:: WORK REQUIRED ::
Write the listing below out again in full, dropping its pictures.

:: GIVEN DATA ::
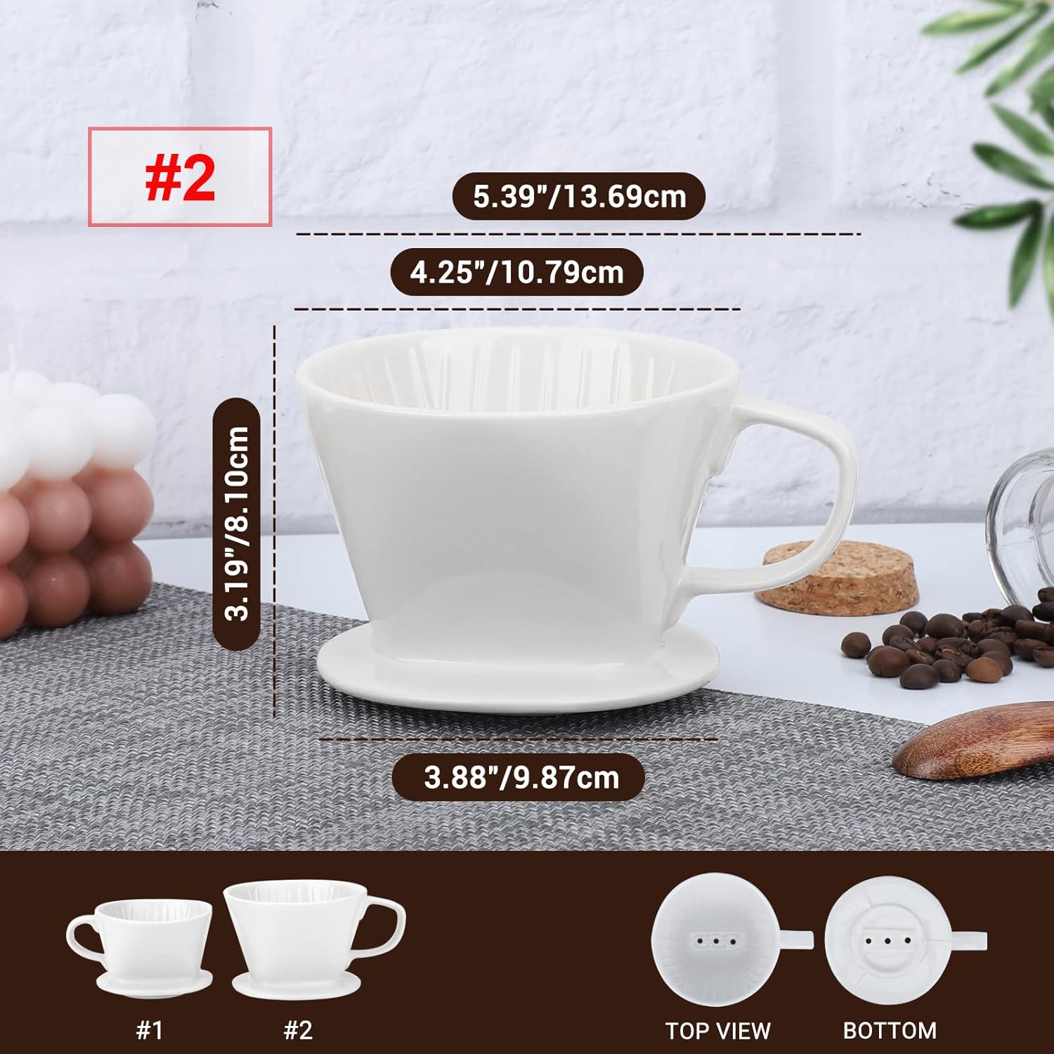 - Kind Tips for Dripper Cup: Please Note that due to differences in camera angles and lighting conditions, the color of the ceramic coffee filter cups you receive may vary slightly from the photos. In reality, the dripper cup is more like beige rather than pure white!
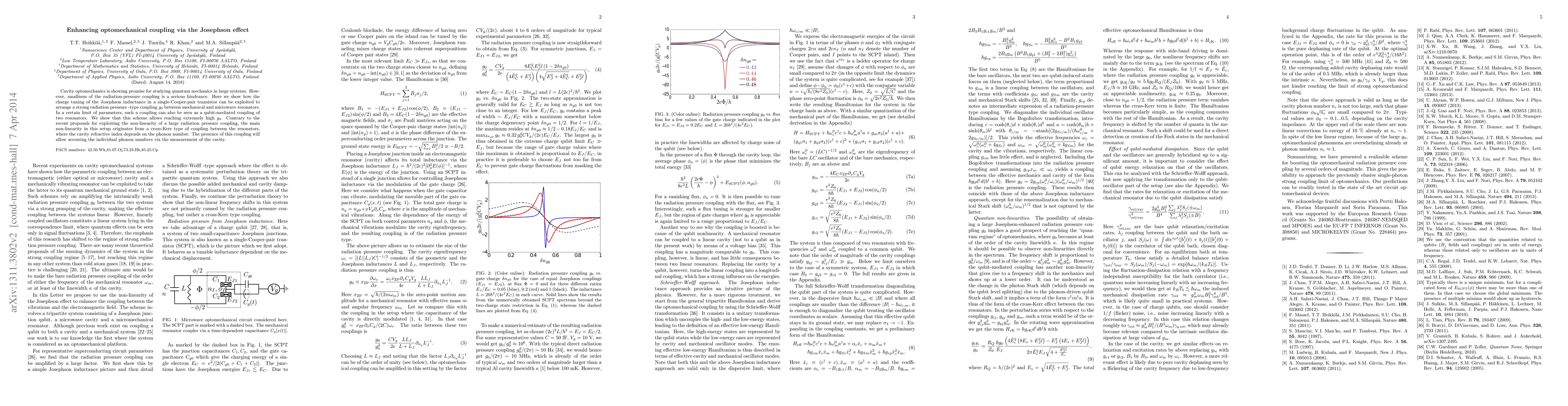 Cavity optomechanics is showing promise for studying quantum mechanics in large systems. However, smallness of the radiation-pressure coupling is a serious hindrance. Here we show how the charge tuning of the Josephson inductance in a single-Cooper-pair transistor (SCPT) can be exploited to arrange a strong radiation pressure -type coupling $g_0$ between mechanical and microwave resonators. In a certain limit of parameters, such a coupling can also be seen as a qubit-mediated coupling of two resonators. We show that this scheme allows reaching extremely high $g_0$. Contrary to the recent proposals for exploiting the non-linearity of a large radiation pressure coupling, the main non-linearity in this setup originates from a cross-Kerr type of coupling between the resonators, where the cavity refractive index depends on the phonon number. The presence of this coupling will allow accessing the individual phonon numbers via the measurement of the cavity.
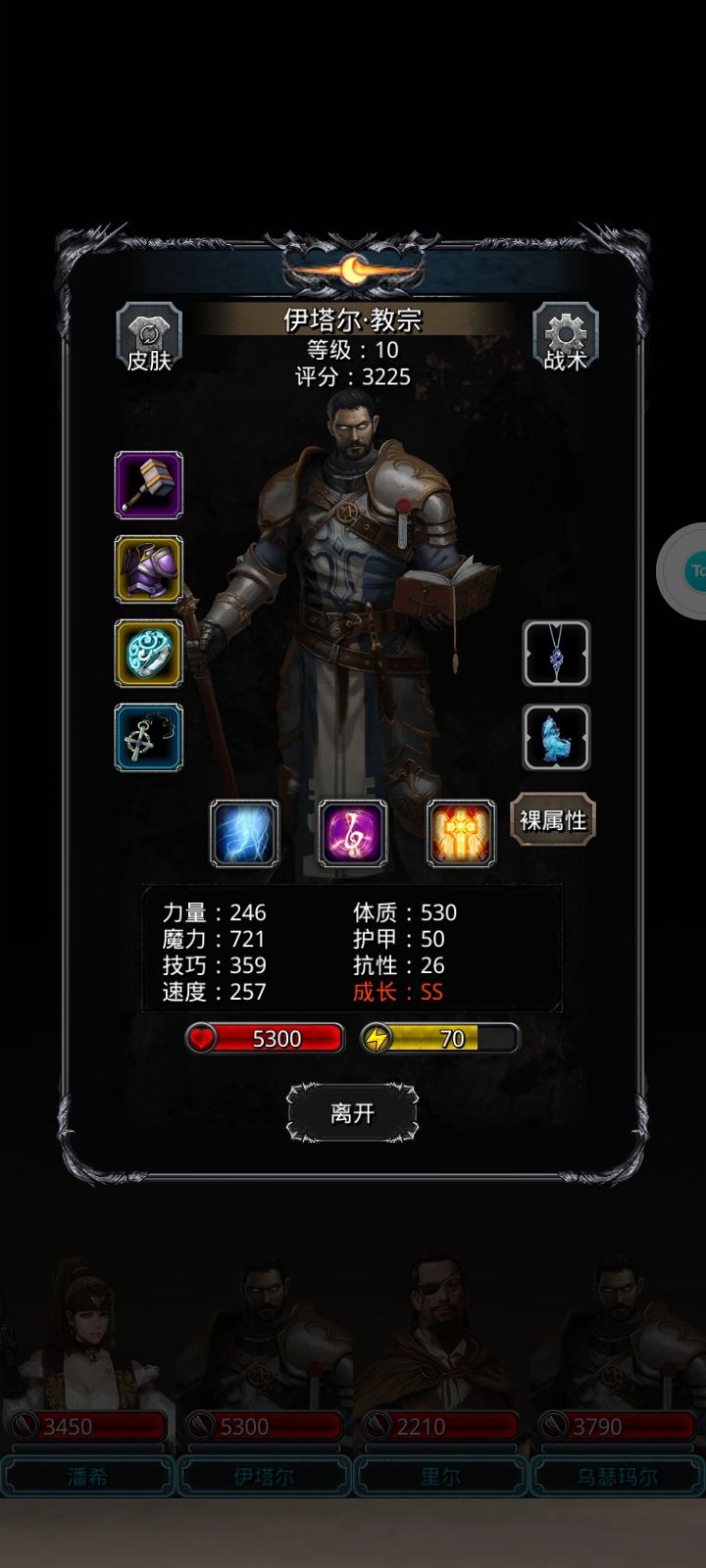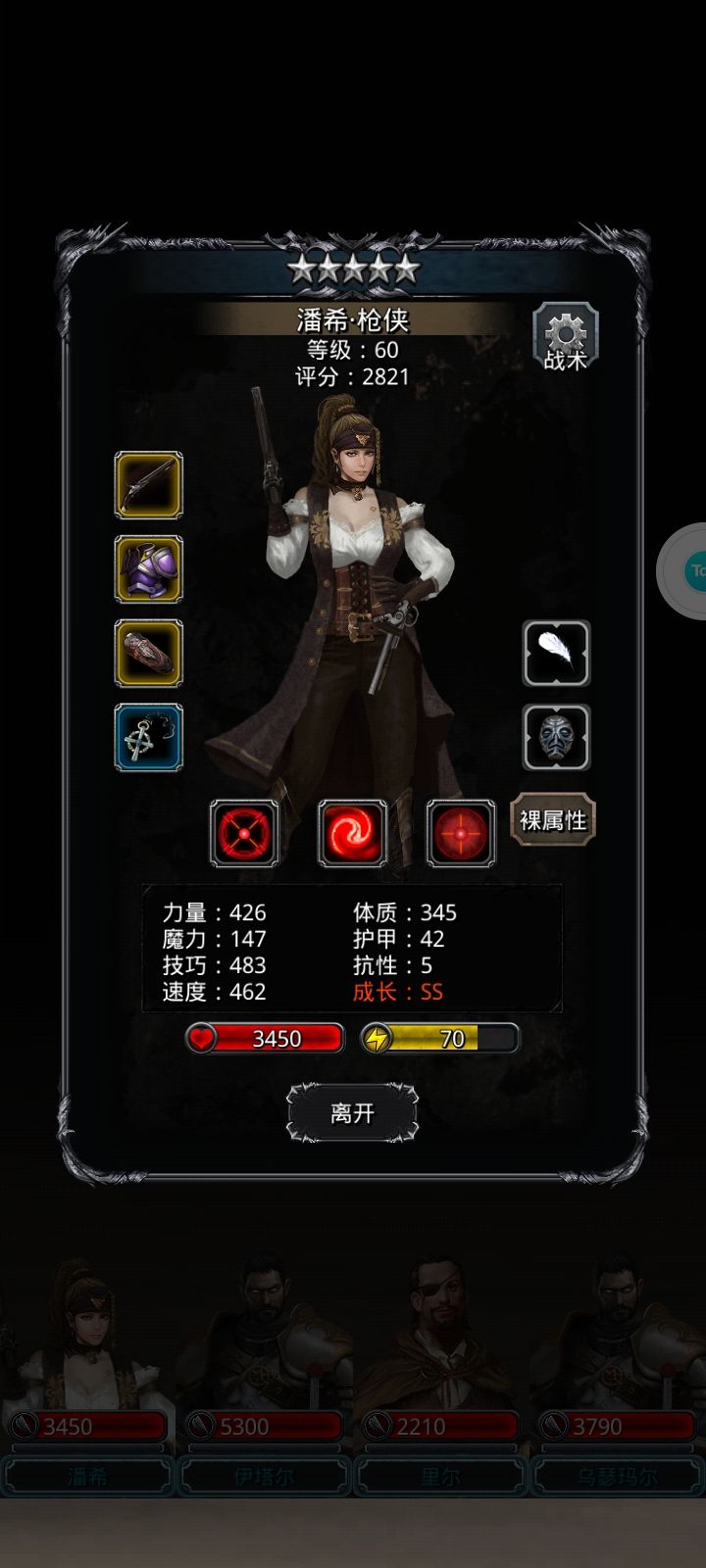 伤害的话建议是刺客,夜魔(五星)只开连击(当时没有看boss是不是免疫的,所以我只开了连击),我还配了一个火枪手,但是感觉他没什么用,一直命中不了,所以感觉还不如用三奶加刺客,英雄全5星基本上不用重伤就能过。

:: ANSWER BOX ::
 - Kind Tips for Dripper Cup: Please Note that due to differences in camera angles and lighting conditions, the color of the ceramic coffee filter cups you receive may vary slightly from the photos. In reality, the dripper cup is more like beige rather than pure white!
 Cavity optomechanics is showing promise for studying quantum mechanics in large systems. However, smallness of the radiation-pressure coupling is a serious hindrance. Here we show how the charge tuning of the Josephson inductance in a single-Cooper-pair transistor (SCPT) can be exploited to arrange a strong radiation pressure -type coupling $g_0$ between mechanical and microwave resonators. In a certain limit of parameters, such a coupling can also be seen as a qubit-mediated coupling of two resonators. We show that this scheme allows reaching extremely high $g_0$. Contrary to the recent proposals for exploiting the non-linearity of a large radiation pressure coupling, the main non-linearity in this setup originates from a cross-Kerr type of coupling between the resonators, where the cavity refractive index depends on the phonon number. The presence of this coupling will allow accessing the individual phonon numbers via the measurement of the cavity.
 伤害的话建议是刺客,夜魔(五星)只开连击(当时没有看boss是不是免疫的,所以我只开了连击),我还配了一个火枪手,但是感觉他没什么用,一直命中不了,所以感觉还不如用三奶加刺客,英雄全5星基本上不用重伤就能过。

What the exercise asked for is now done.